"Diable! sare, you are un stup of the block. I sall tell you once seven times over again—I vant deux fly on the top of de vater, to dingle dangle at the end of de long pole."

"Ay, ay! you only fly, mounseer, by land or water, and if they catch you, I'll be hanged if they won't dingle dangle you, as you call it, at the end of a long pole."

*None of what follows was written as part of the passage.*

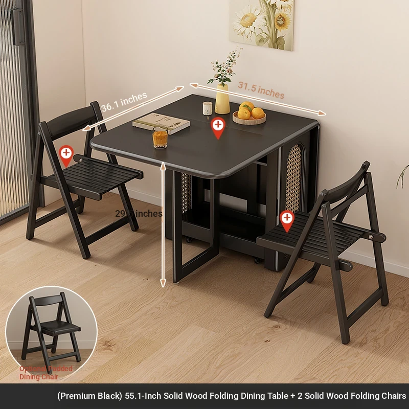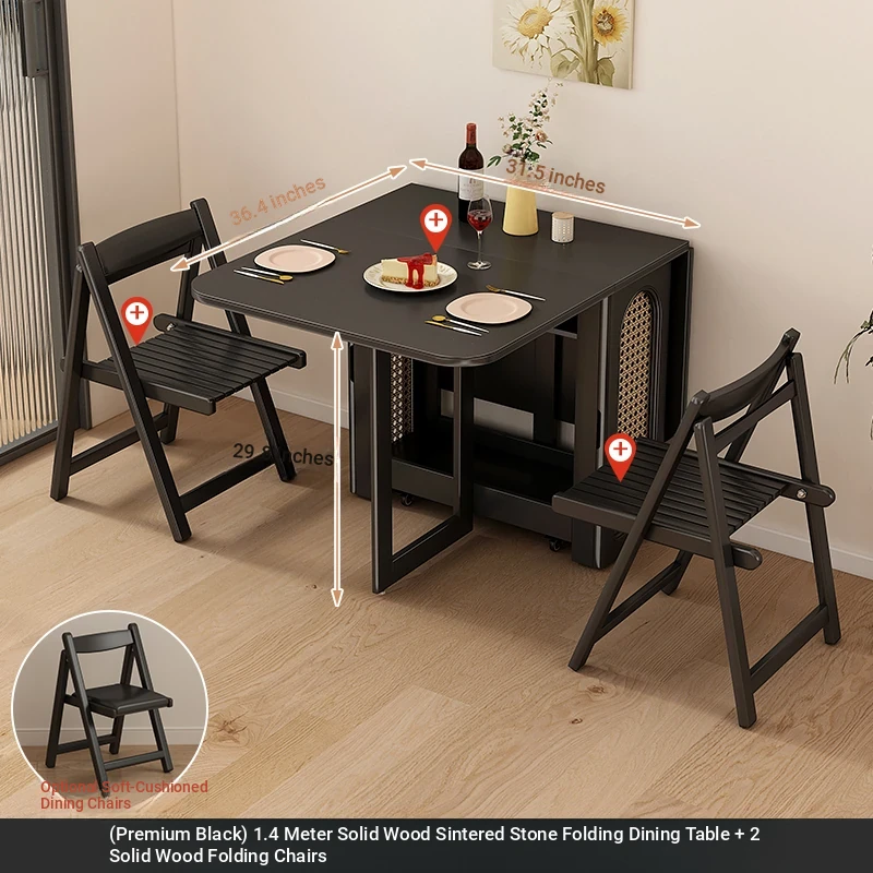1.4メートル無垢材ロックプレート折りたたみダイニングテーブル【高級黒】+無垢材折りたたみチェア*2 抗菌ロックプレート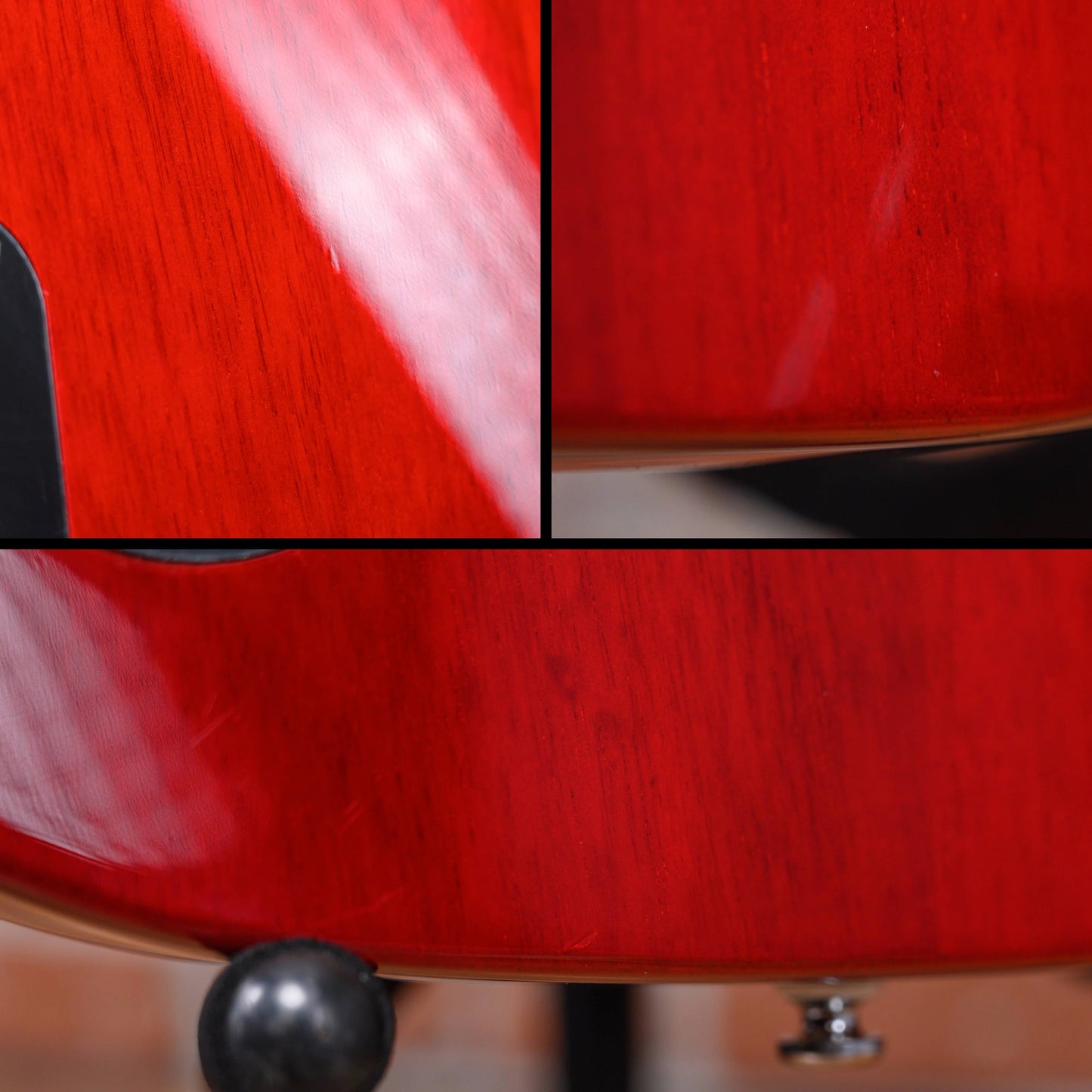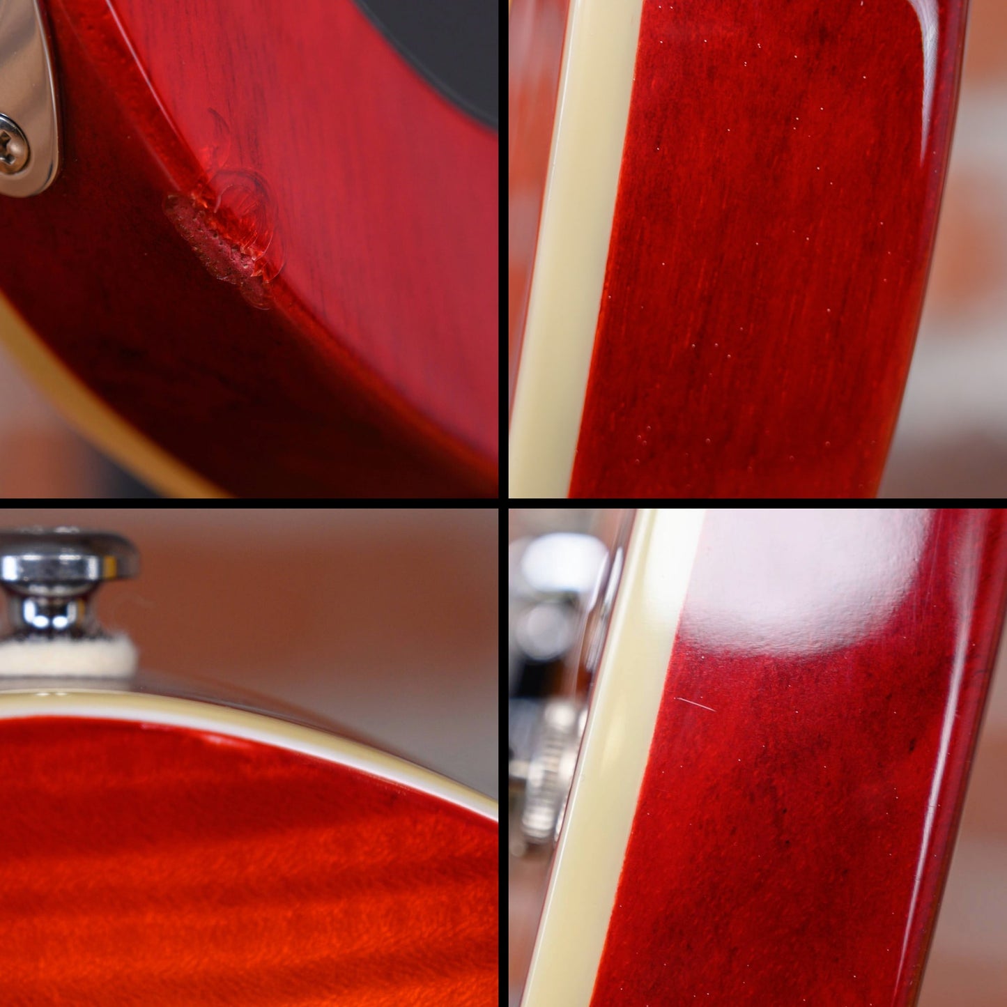 This guitar is in overall very good condition. The tuners show some sign of age with light surface marks. There is some light finish delamination on the treble side of the fretboard. There is a small ding on the bass side of the neck pocket. There are some light dings and scuffs on the body and a dent near the output jack. (See pics)

"Sacre un de Dieu! la blas! vat you mean by dat, enfer diable? you are un bandit jack of de ass, Johnny de Bull. Ba, ba, you are effrontee, and I disgrace me to parley vid you! I tell you, sare, dat I vant deux fly on the top of de vater, to dingle dangle at the end of the long pole, to la trap poisson."

"What's that you say, you French mounseer—you'll lay a trap to poison me and all my family, because I won't assist you to escape? why, the like was never heard. Here, Betty, go for the constable."

The constable soon arrived, who happened to be as ignorant as the shopkeeper; and of course, it was not expected that a constable should be a scholar. Thus the man of office began:—

"What's all this? Betty has been telling me that this here outlandish Frenchman is going to poison you and all your family! Ay, ay, I should like to catch him at it, that's all! Come, come to prison, you delinquent."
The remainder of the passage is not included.